Capital gains based on holding period
While capital gains are any profits made from selling assets, the holding period of the mutual funds will either make it a short-term gain or long-term gain for income tax implications.
The period that classifies a mutual fund investment gain as long term or short term is currently as follows:
|Fund Type||Short-term period||Long-term period|
|Equity fund||Less than 12 months||12 months or more|
|Debt fund||Less than 36 months||36 months or more|
Balanced funds are those hybrid mutual funds that have at least 65 percent investment in equities. Their treatment will therefore be same as any non-tax saving equity fund.
Taxation on capital gains
|Fund Type||STCG tax||LTCG tax|
|Equity fund||15 percent||10 percent tax on gains beyond Rs 1 lakh without indexation|
|Debt fund||as per tax slab||20 percent after indexation|
It is important to note that LTCGs from investments in equity mutual funds before 31 January 2018 will be grandfathered. Only LTCGs made from mutual funds after it will be tax-free to the extent of Rs 1 lakh.
Additionally, Indexation is a method used to factor in the rising inflation from the time the fund was bought till the time it gets sold. In this way, the purchase price in inflated to bring down the quantum of capital gains from the sale of the debt fund in case of taxation. This benefit is not enjoyed by investments in equity or balanced funds.

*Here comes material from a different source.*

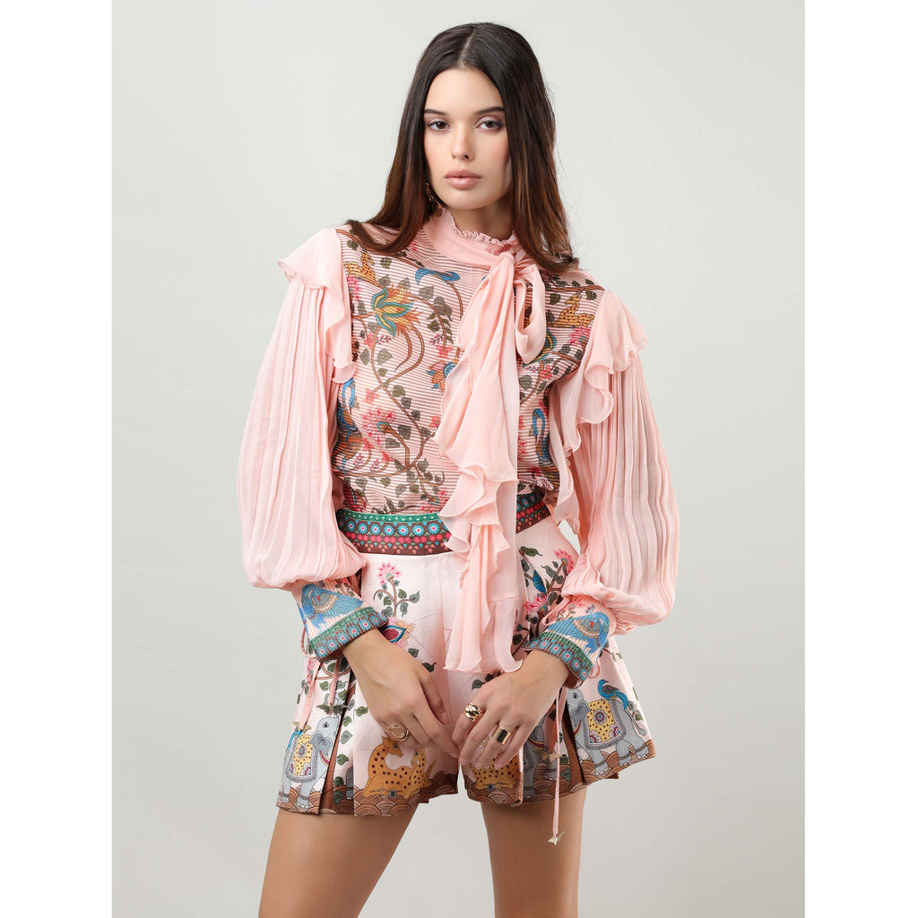 Add a touch of artisanal elegance to your wardrobe with these Kalamkari-inspired shorts , crafted in textured satin fabric for a subtle textural appeal. Featuring an inverse box pleat at the front, they offer a structured yet fluid silhouette. Perfect to pair with a coordinating top or jacket, they bring effortless style and craftsmanship to any occasion.

For taxation on STCG from debt mutual funds, the gains are added to your income and you will be taxed according to your tax slab.

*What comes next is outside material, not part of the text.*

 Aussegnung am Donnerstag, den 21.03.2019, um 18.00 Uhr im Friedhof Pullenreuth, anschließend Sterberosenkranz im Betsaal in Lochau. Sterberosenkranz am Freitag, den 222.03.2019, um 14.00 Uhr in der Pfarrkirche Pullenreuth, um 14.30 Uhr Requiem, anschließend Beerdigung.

Dividends are a share of the profits that investors receive. These gains are tax-free in the hands of investors of both equity fund and debtors if they opt for the dividend option but you should note the implication of dividend distribution tax (DDT) on the types of mutual funds.
DDT is levied on the companies issuing the dividend and the extent of it will decide the amount that will be received by the investor in-hand.

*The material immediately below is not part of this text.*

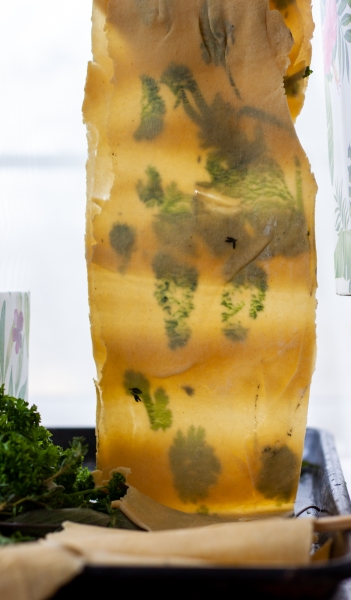 Laminavimas vyksta gana paprastai: tešlą aš pasigaminau virtuviniame kombaine, ilgas makaronų tešlos paklodes išsukau mašinėle (bet laisviausiai galima ir kočėlu iškočioti. Paskui beliko tik išdėlioti žolelių lapelius ir vėl viską persukti per mašinėlę (ar kočėlą), kad lapeliai gražiai įsispaustų į plonai iškočiotą tešlą. Laminavimas baigtas.

- Equity fund: 11.48 percent including surcharge and cess (proposed in 2018 budget)
- Debt fund or non-equity fund: 29.12 percent including surcharge and cess
Systematic investment plans (SIP) allow investors to park a fixed amount towards mutual funds periodically. It can be monthly, fortnightly, quarterly or annually.
For tax purposes, these periodically inputs are treated as fresh investments and each is taxed separately.
This means that if you have completed a year of monthly investments towards a SIP, and decide to sell it, only the first installment will be treated as LTCG and you will be charged an STCG tax on the rest of your monthly deposits.
A Securities Transaction Tax (STT) of 0.001 percent is imposed by the fund company when you sell your mutual funds units. These are deducted at source and imposed only on equity funds (and balanced funds) but not on debt funds.